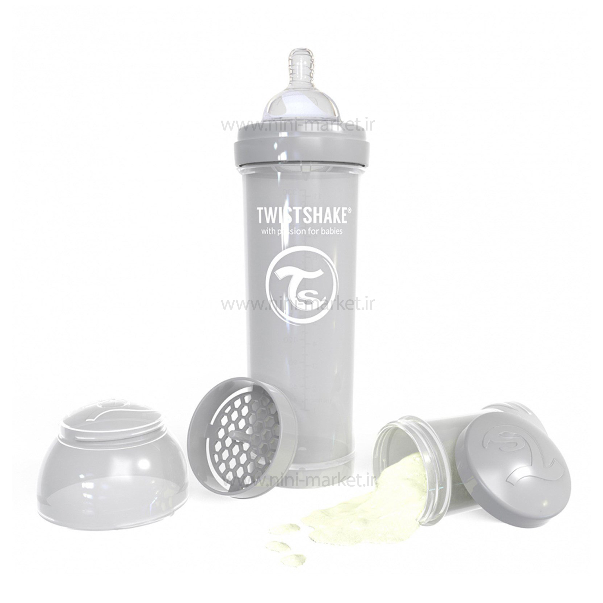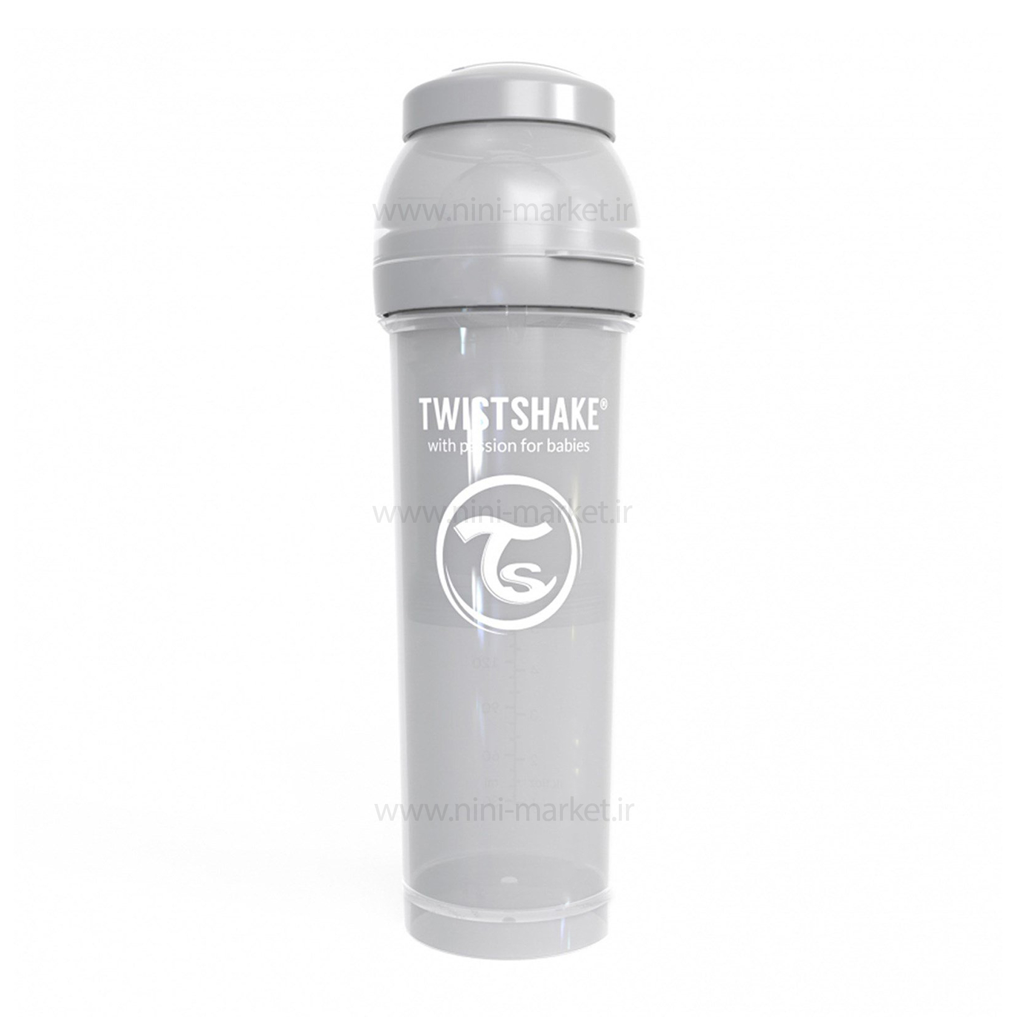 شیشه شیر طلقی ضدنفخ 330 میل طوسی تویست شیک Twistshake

--

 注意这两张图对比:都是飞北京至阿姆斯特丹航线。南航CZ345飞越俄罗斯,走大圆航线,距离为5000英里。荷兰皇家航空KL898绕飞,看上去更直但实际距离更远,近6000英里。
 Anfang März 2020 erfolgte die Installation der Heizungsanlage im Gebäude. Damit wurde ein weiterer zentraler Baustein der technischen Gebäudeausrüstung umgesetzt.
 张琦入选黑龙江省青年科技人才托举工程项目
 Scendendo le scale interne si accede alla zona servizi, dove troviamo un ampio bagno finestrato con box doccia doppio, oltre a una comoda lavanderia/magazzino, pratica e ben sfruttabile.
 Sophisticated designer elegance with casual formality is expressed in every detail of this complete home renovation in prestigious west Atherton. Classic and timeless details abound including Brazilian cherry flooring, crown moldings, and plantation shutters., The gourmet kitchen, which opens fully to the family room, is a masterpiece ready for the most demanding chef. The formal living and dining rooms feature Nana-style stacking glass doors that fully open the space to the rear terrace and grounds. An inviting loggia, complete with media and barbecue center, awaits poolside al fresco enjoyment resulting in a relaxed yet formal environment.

▶ **Exercise brief**
Extract from the records above the lines from the one containing "Anfang März 2020" to the one containing "Sophisticated designer elegance", both lines included, exactly as they appear and with nothing else.

▶ **Finished task**
 Anfang März 2020 erfolgte die Installation der Heizungsanlage im Gebäude. Damit wurde ein weiterer zentraler Baustein der technischen Gebäudeausrüstung umgesetzt.
 张琦入选黑龙江省青年科技人才托举工程项目
 Scendendo le scale interne si accede alla zona servizi, dove troviamo un ampio bagno finestrato con box doccia doppio, oltre a una comoda lavanderia/magazzino, pratica e ben sfruttabile.
 Sophisticated designer elegance with casual formality is expressed in every detail of this complete home renovation in prestigious west Atherton. Classic and timeless details abound including Brazilian cherry flooring, crown moldings, and plantation shutters., The gourmet kitchen, which opens fully to the family room, is a masterpiece ready for the most demanding chef. The formal living and dining rooms feature Nana-style stacking glass doors that fully open the space to the rear terrace and grounds. An inviting loggia, complete with media and barbecue center, awaits poolside al fresco enjoyment resulting in a relaxed yet formal environment.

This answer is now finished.